Supertonic MNN is a high-performance, lightweight multilingual text-to-speech (TTS) library powered by MNN inference engine. It supports 30+ languages, 10 voice styles, and provides both CLI and Python API.
Demo video: https://www.bilibili.com/video/BV1VFqiBSER3
- Multilingual: 30+ languages (English, Korean, Japanese, French, German, Spanish, etc.)
- Fast Inference: RTF ~ 0.07 on CPU
- Multiple Model Versions: v2 (multilingual) and v3 (30+ languages)
- Precision Options: fp32, fp16, int8
- 10 Voice Styles: M1-M5 (male), F1-F5 (female)
| Version | Languages | HuggingFace |
|---|---|---|
| v3 | 30+ languages + language-agnostic | yunfengwang/supertonic-tts-mnn |
| v2 | en, ko, es, pt, fr | yunfengwang/supertonic-tts-mnn |
Original ONNX models: Supertone/supertonic-2, Supertone/supertonic-3
Requires Python 3.10 (MNN constraint).
# Install with uv (recommended)
uv sync
# Or install with pip
pip install supertonic-mnnTo run the Gradio demo:
uv sync --group demo
uv run python app.py# English (default)
echo "Hello world" | uv run supertonic-mnn -o hello.wav
# Korean
echo "안녕하세요" | uv run supertonic-mnn --lang ko -o hello_ko.wav
# Japanese with v3 model, female voice
echo "こんにちは" | uv run supertonic-mnn --lang ja --version v3 --voice F1 -o hello_ja.wavfrom supertonic_mnn import SupertonicTTS
tts = SupertonicTTS(version="v3")
# English
audio, sr = tts.synthesize("Hello world", lang="en", voice="M1", output_file="hello.wav")
# Korean
audio, sr = tts.synthesize("안녕하세요", lang="ko", voice="F1", output_file="hello_ko.wav")
# Japanese
audio, sr = tts.synthesize("こんにちは", lang="ja", voice="M2", output_file="hello_ja.wav")en, ko, ja, ar, bg, cs, da, de, el, es, et, fi, fr, hi, hr, hu, id, it, lt, lv, nl, pl, pt, ro, ru, sk, sl, sv, tr, uk, vi, na (language-agnostic)
Full documentation: Supertonic MNN Docs
This project is based on the original Supertonic by Supertone Inc.

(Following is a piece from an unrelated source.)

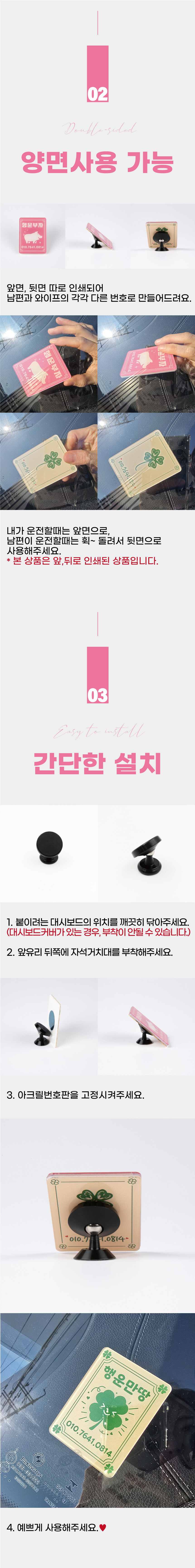 행운부적 양면 듀얼 주차 전화번호판
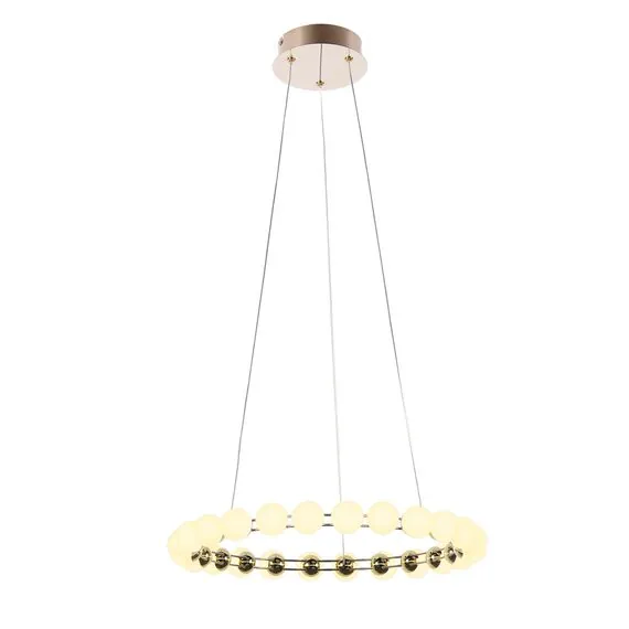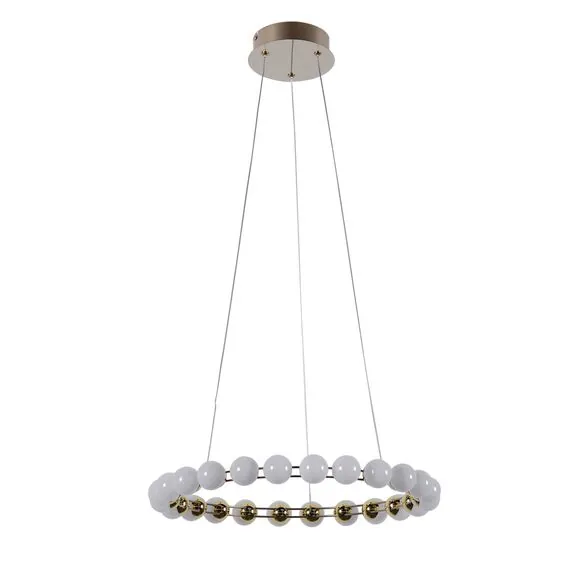 Артикул: 4590-5P; Бренд: Favourite; Коллекция: Helmet; Стиль: Modern; Назначение: гостиная; спальня; кухня; детская; холл; кафе; ресторан; кабинет; столовая; студия; Тип светильника: подвесная люстра; Тип крепления: планка; Степень защиты: IP20; Площадь освещения, м2: 7; Напряжение питания, V: 220; Натяжные потолки: Да; Тип ламп: LED*27W, 2150LM, 4000K, included; Общая мощность, W: 27; Max цветовая температура, К: 4000; Материал: Металл, Пластик; Материал каркаса: металл, Металл; Материал плафона: пластик, Пластик; Цвет каркаса: латунь, Латунь; Цвет плафона: белый, Белый; Диммирование: нет; Наличие пульта: Нет; Гарантия, мес: 36; min высота: 1585; max высота: 1585; Диаметр, мм: 480; Высота потолочной чаши, мм: 40; Диаметр потолочной чаши, мм: 140; Вес, кг: 1; Вес упаковки, кг: 2; Длина упаковки, см: 53; Ширина упаковки, см: 53; Высота упаковки, см: 10; Штрихкод: 4035726160321

Supertonic MNN 是一个基于 MNN 推理引擎的高性能、轻量级多语言文本转语音 (TTS) 库。支持 30+ 语言、10 种音色,同时提供命令行和 Python API。
Demo video: https://www.bilibili.com/video/BV1VFqiBSER3
- 多语言支持: 30+ 语言(英语、韩语、日语、法语、德语、西班牙语等)
- 极速推理: CPU 上 RTF 约 0.07
- 多模型版本: v2(多语言)和 v3(30+ 语言)
- 多精度: fp32, fp16, int8
- 10 种音色: M1-M5(男声),F1-F5(女声)
| 版本 | 语言 | HuggingFace |
|---|---|---|
| v3 | 30+ 语言 + 语言无关模式 | yunfengwang/supertonic-tts-mnn |
| v2 | en, ko, es, pt, fr | yunfengwang/supertonic-tts-mnn |
原始 ONNX 模型: Supertone/supertonic-2, Supertone/supertonic-3
需要 Python 3.10(MNN 限制)。
# 使用 uv 安装(推荐)
uv sync
# 或使用 pip 安装
pip install supertonic-mnn运行 Gradio demo:
uv sync --group demo
uv run python app.py# 英语(默认)
echo "Hello world" | uv run supertonic-mnn -o hello.wav
# 韩语
echo "안녕하세요" | uv run supertonic-mnn --lang ko -o hello_ko.wav
# 日语,v3 模型,女声
echo "こんにちは" | uv run supertonic-mnn --lang ja --version v3 --voice F1 -o hello_ja.wavfrom supertonic_mnn import SupertonicTTS
tts = SupertonicTTS(version="v3")
# 英语
audio, sr = tts.synthesize("Hello world", lang="en", voice="M1", output_file="hello.wav")
# 韩语
audio, sr = tts.synthesize("안녕하세요", lang="ko", voice="F1", output_file="hello_ko.wav")
# 日语
audio, sr = tts.synthesize("こんにちは", lang="ja", voice="M2", output_file="hello_ja.wav")en, ko, ja, ar, bg, cs, da, de, el, es, et, fi, fr, hi, hr, hu, id, it, lt, lv, nl, pl, pt, ro, ru, sk, sl, sv, tr, uk, vi, na(语言无关)
完整文档: Supertonic MNN Docs
本项目基于 Supertone Inc. 的原始 Supertonic 工作。